Individuation in Development

In 1953, Carl Jung proposed individuation as an important part of normal human development. Later, Hungarian physician and psychoanalyst Margaret Mahler drew on Jung's work to develop a sequence of phases, now referred to collectively as the Separation-Individuation Theory, that guides children's psychological development from birth to age 3. The third phase, called the separation-individuation phase, begins at 4 or 5 months of age. The early part of this phase is marked by gradual sensory development, known as hatching, which gives rise to increased alertness and goal-directed awareness. Infants venture farther from their mothers as their mobility increases, and they begin to experience great joy in performing autonomous tasks while still keeping mother within sight. The child begins to share these new discoveries with mother and seeks social interaction with her and others. Infants first experience stranger anxiety during this stage, indicating internal conflict between curiosity about new sources of stimuli and the need to check back to mother for security. Love and emotional availability of the mother are key at this stage as the concept of separateness becomes more salient for the child. Late in the separation-individuation phase, the child develops a definite sense of individuality, self-boundaries, and gender identity.

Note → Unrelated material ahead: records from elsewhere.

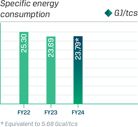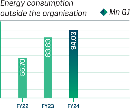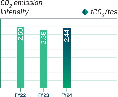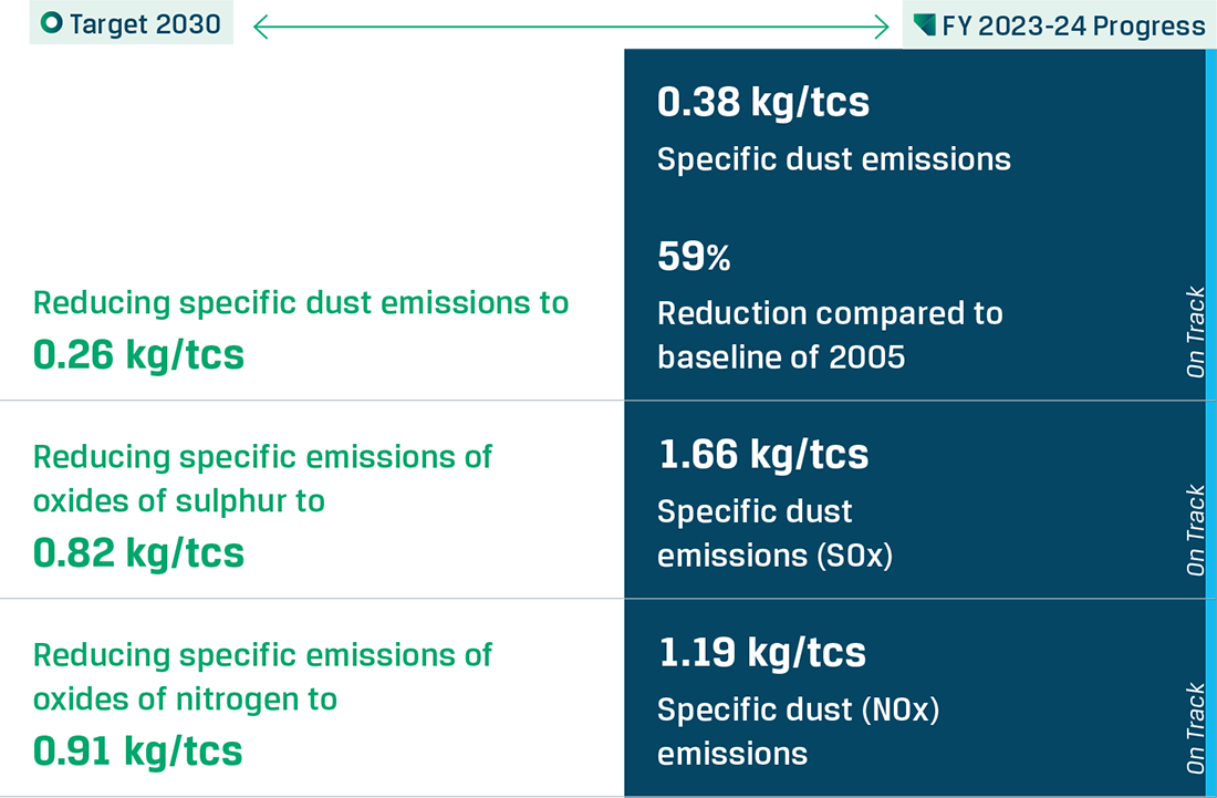 Over the past year, significant strides have been made through the execution of nine comprehensive workshops across various departments, engaging over 200 attendees. These workshops facilitated the identification and initiation of more than 175 initiatives, spanning critical areas such as fuel and power consumption reduction, waste heat recovery, circularity, alternate fuels, digital analysis, renewable energy integration, and scrap charging. Furthermore, we established 10 Climate Action Centres to provide focal points for sustainability initiatives across our operations. In line with our commitments, 20 initiatives were successfully implemented in the reporting year, resulting in 60 kg/tcs of CO2 emissions reduction.
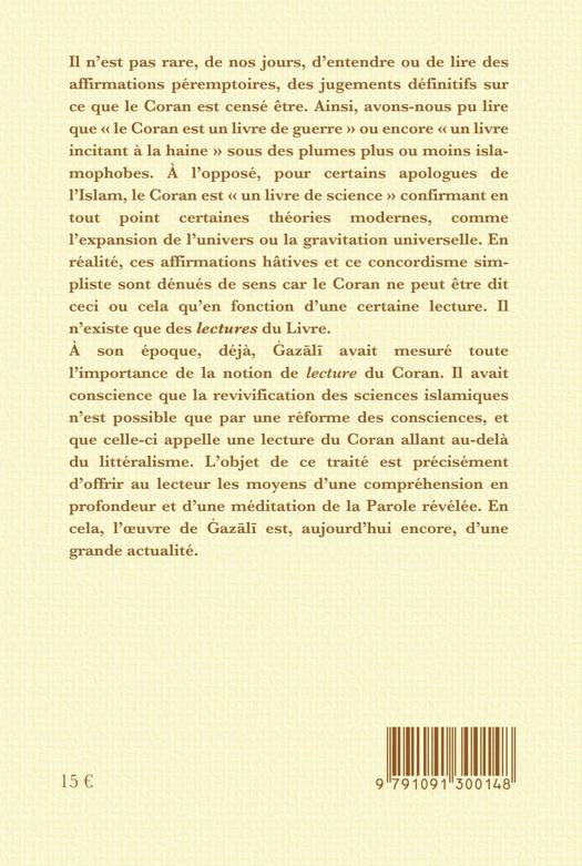 Il n’est pas rare, de nos jours, d’entendre ou de lire des affirmations péremptoires, des jugements définitifs sur ce que le Coran est censé être. Ainsi, avons-nous pu lire que « le Coran est un livre de guerre » ou encore « un livre incitant à la haine » sous des plumes plus ou moins islamophobes. À l’opposé, pour certains apologues de l’Islam, le Coran est « un livre de science » confirmant en tout point certaines théories modernes, comme l’expansion de l’univers ou la gravitation universelle. En réalité, ces affirmations hâtives et ce concordisme simpliste sont dénués de sens car le Coran ne peut être dit ceci ou cela qu’en fonction d’une certaine lecture. Il n’existe que des lectures du Livre. À son époque, déjà, Ghazâlî avait mesuré toute l’importance de la notion de lecture du Coran. Il avait conscience que la revivification des sciences islamiques n’est possible que par une réforme des consciences, et que celle-ci appelle une lecture du Coran allant au-delà du littéralisme. L’objet de ce traité est précisément d’offrir au lecteur les moyens d’une compréhension en profondeur et d’une méditation de la Parole révélée. En cela, l’œuvre de Ghazâlî est, aujourd’hui encore, d’une grande actualité.
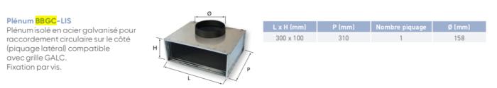 Plénum isolé à piquage latéral pour grilles BBGC-LIS
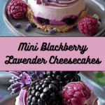 Delicately floral and subtly fruity, these Mini Blackberry Lavender Cheesecakes combine a buttery graham cracker crust, lavender-infused cheesecake filling, and a sweet-tart blackberry sauce. Perfectly portioned for entertaining or personal indulgence.
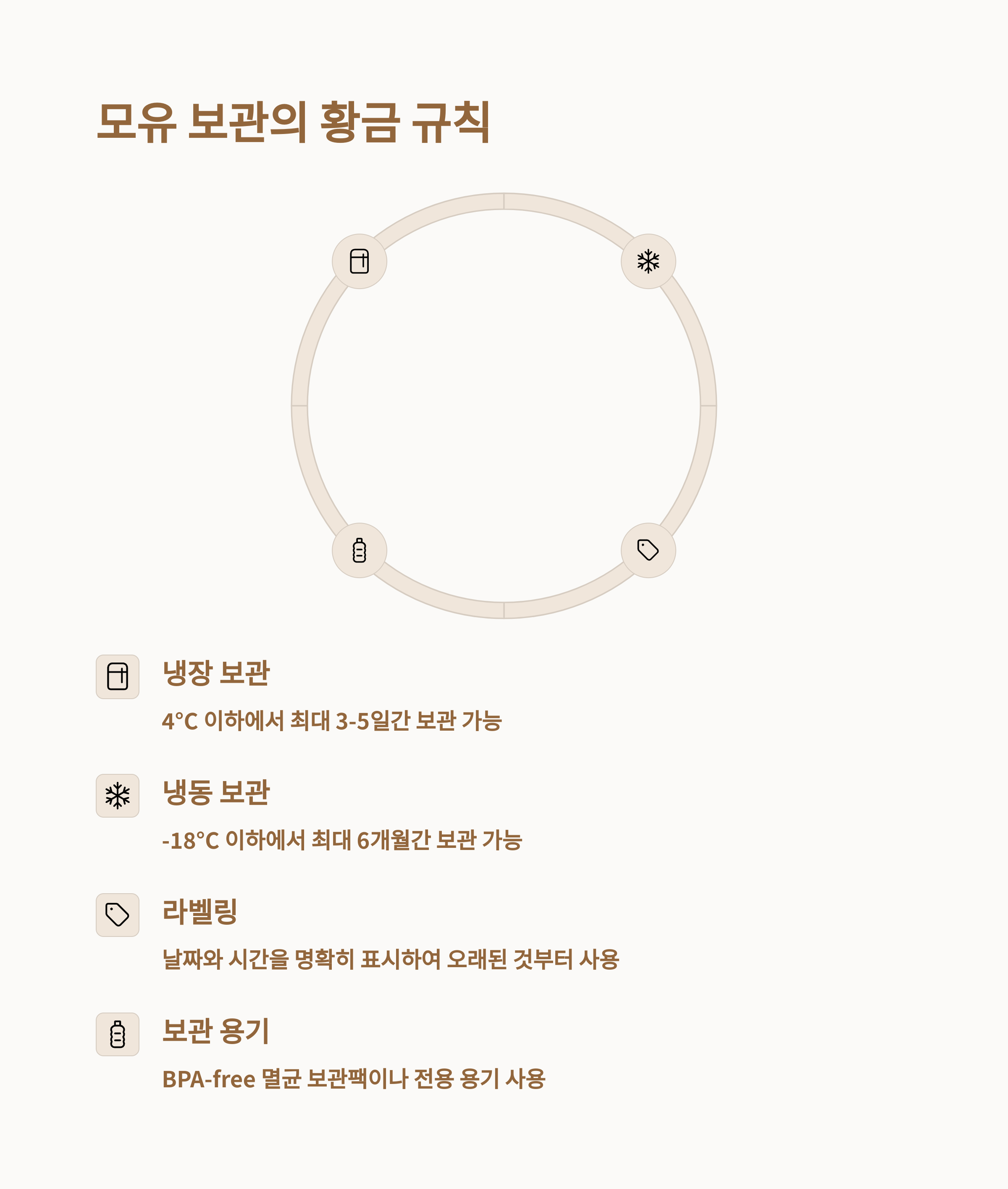 | 수유 직후 또는 아기 잠든 시간대가 적합합니다. | 냉장, 냉동 각각 구분하여 라벨링 필수입니다. | 등받이 기대어 편하게 앉은 자세가 좋아요. |

Individuation is also an important goal of late adolescence. Peter Blos claims that a second and higher level process of individuation takes place during adolescence. Like Mahler's conception of early individuation, this second phase is characterized by weakening dependency on and disengagement from family, which allows for the possibility of extrafamilial love and relationships within a broader social framework. At the same time, physical maturation demands the acceptance of an adult sex role. The goal of this process, achieved in normal development at the end of adolescence, is to obtain a clear, stable sense of the self. For some adolescents, failure to achieve successful individu-ation can result in learning disorders, lack of purpose, procrastination, and emotional shallowness. These psychologically unindividuated adolescents may seek to distance themselves physically from their families, which helps them to avoid confronting their failure to achieve this necessary goal. This represents an unhealthy regression toward the early childhood separation-individuation phase that Mahler described.